• **Dataset entries**:
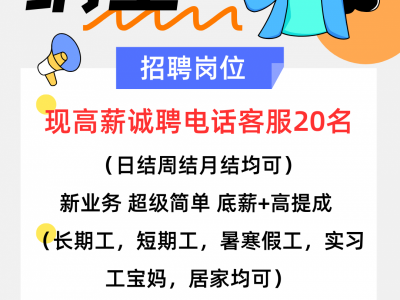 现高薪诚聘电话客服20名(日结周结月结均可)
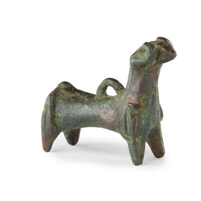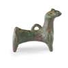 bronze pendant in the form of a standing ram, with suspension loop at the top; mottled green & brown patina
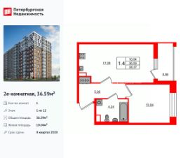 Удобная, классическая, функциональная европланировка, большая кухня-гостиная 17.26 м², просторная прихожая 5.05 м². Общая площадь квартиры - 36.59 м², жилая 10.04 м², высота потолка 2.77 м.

...

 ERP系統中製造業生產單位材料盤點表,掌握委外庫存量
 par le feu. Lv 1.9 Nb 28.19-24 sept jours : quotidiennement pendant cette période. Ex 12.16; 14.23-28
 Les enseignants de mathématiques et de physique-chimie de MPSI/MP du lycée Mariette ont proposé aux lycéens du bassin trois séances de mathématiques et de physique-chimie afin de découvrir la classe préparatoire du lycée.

--

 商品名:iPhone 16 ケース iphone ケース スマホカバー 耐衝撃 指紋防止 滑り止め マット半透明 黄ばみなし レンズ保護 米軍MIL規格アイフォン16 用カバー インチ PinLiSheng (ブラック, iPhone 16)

• **What you should do**:
The answer is the lines above from the one with "现高薪诚聘电话客服20名(日结周结月结均可)" to the one with "Удобная, классическая, функциональная", set down exactly, with no pictures.

• **Output of the exercise**:
 现高薪诚聘电话客服20名(日结周结月结均可)
 bronze pendant in the form of a standing ram, with suspension loop at the top; mottled green & brown patina
 Удобная, классическая, функциональная европланировка, большая кухня-гостиная 17.26 м², просторная прихожая 5.05 м². Общая площадь квартиры - 36.59 м², жилая 10.04 м², высота потолка 2.77 м.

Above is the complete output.